Microsoft offers two options for using graphics processing units (GPUs) with clustered virtual machines (VMs) running on the Azure Stack HCI operating system to provide GPU acceleration to workloads:
- Discrete Device Assignment (DDA), also referred to as GPU pass-through
- GPU Partitioning.
In GPU pass-through mode, an entire physical GPU is directly assigned to one VM, bypassing any host drivers. In this mode of operation, the GPU is accessed exclusively by the GPU driver running in the VM to which it is assigned. The GPU is not shared among VMs.
GPU partitioning allows you to share a physical GPU device with multiple virtual machines (VMs). With GPU partitioning or GPU virtualization, each VM gets a dedicated fraction of the GPU instead of the entire GPU.
The NVIDIA A16 GPUs installed in our test cluster support DDA and GPU Partitioning configurations. Neither option is currently supported with Live migration. VMs configured with GPUs must be placed where host GPU resources are available and restarted during cluster maintenance or in the event of a failure.
We chose to configure the allocation of GPUs to VMs using GPU partitioning. We used NVIDIA vGPU software, a graphics virtualization platform that provides virtual machines (VMs) access to NVIDIA GPU technology. The releases of the NVIDIA vGPU Manager and guest VM drivers that you install must be compatible. Installing an incompatible guest VM driver release for the release of the vGPU Manager will result in the NVIDIA vGPU's failure to load.
The following NVIDIA vGPU Manager and guest VM driver release combinations are compatible.

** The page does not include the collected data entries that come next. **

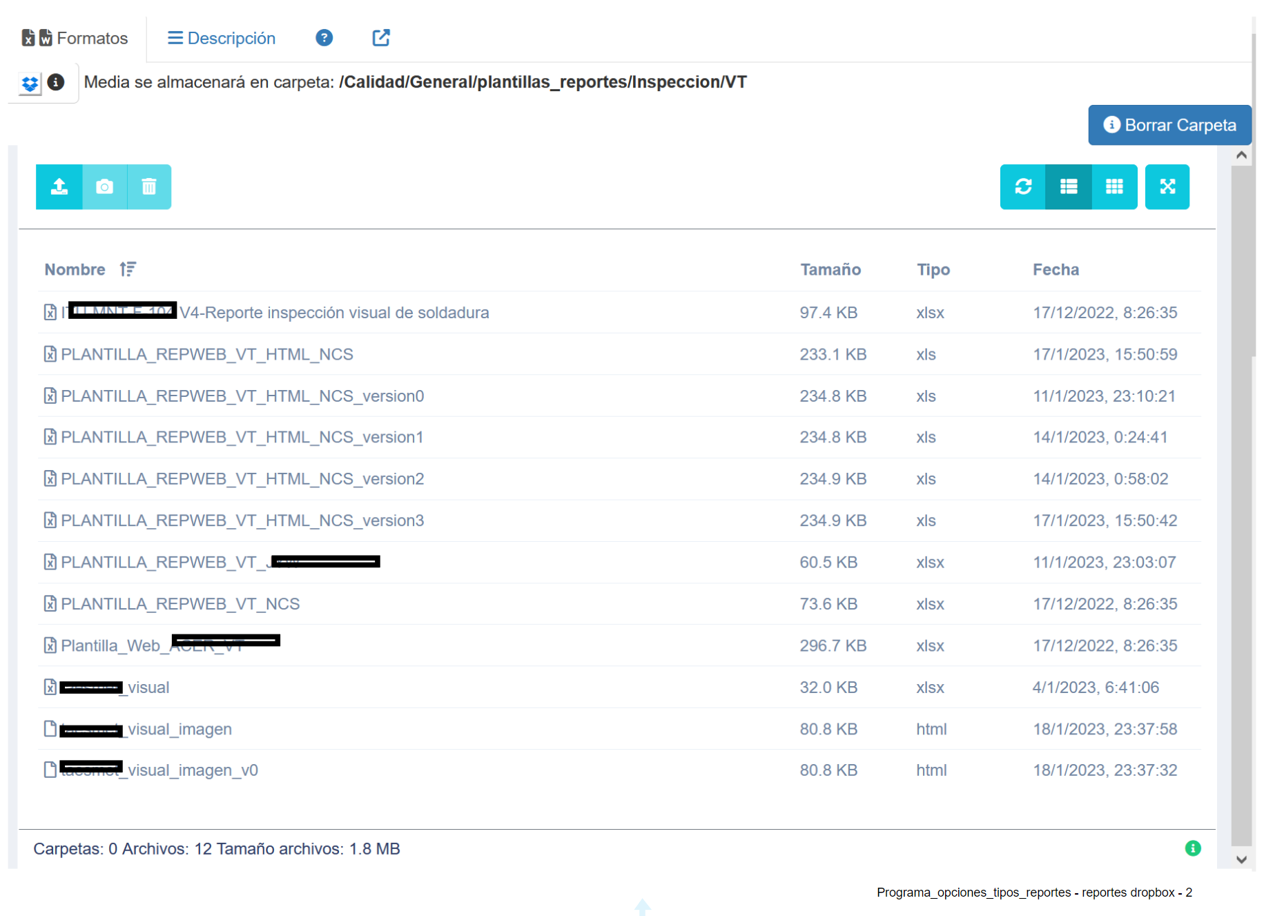 Fig 519 Extracto de pantalla, gestor de archivos empleado en sistema e-NDICC-ERP.
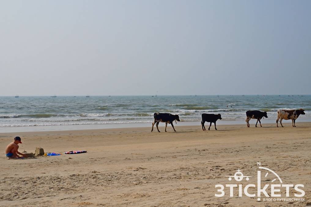 Дождь и ветер прогнали всех туристов с пляжа, и только вездесущим индийским коровам все нипочем
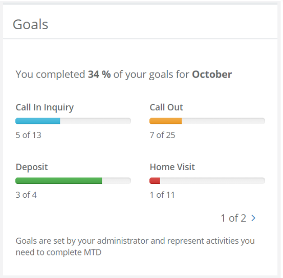 The Goals widget displays your Activity goals for the current month for your default location and your progress towards each goal. This widget will show your progress towards all goals as a percentage and each goal is broken down and displayed with the number of activities you have completed towards the goal's total.
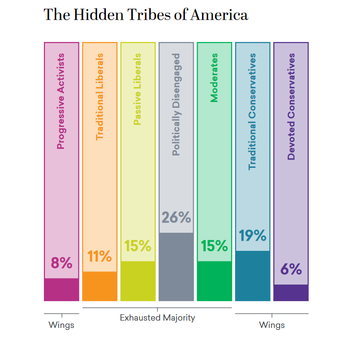 First, lets take a look at these factions, what are described as the “Hidden Tribes”. The polling indicates that the general public breaks down into roughly seven “tribes”: Progressive Activists (8%), Traditional Liberals (11%), Passive Liberals (15%), Politically Disengaged (26%), Moderates (15%), Traditional Conservatives (19%), and Devoted Conservatives (6%).

- NVIDIA vGPU Manager with guest VM drivers from the same release
- NVIDIA vGPU Manager with guest VM drivers from different releases within the same major release branch
- NVIDIA vGPU Manager from a later major release branch with guest VM drivers from the previous branch
You must also use a compatible version of the NVIDIA License System with the chosen release of NVIDIA vGPU software.